When extraordinary things like this happen, it brings out the megalomania in some people. But I think a local Catholic priest had it right: "God has heard our prayers." Lots of prayers from lots of people.

And it was given.

When this sort of thing happens, I feel like I'm being set up. If prayer never "worked," I could deal with it sensibly. I could just give it up. Or give up one type of prayer—intercession. Just stop praying that God would do this or that, change this or that. Prayer could just be communing with God. But when God answers prayer like this, it sets up this god-awful expectation that God gives to those who ask.

"Ask and it shall be given" is a nice, warm saying, but it should really be, "Ask and sometimes it will be given." Or more realistically, at least in my prayer experience, "Ask and once in a blue moon it will be given."
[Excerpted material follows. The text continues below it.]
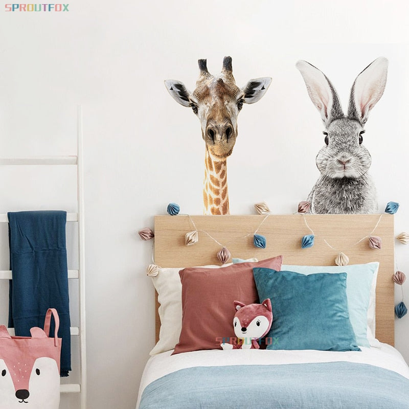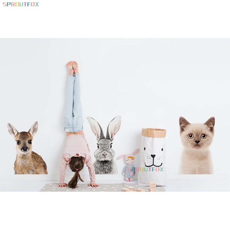 Cartoon Cute Animals Wall Stickers Girafee Rabbit Deer Lion Dog Cat for Baby Boys Room Nursery Home Decoration KIds Animal Decal

Answers to my prayers happen so rarely that I am SHOCKED, SHOCKED, when they happen. I'm not talking about everyday prayers—for safe travels or healing from a cold. God seems to take care of travelers and colds whether I pray for them or not. I'm talking about prayers for things I really care about, people I'm really worried about—that a friend might come to know Jesus, that a loved one will be healed of cancer, that a relative will give up drugs. There seems to be an inverse prayer corollary in my life: the more important the prayer, the less likely it will be answered. But indeed, once in a while a big prayer is answered—like the college friend who became a Christian, or a church member who was healed of cancer—and my jaw drops and my eyes fill with tears. I'm astounded, again, that God would answer prayer.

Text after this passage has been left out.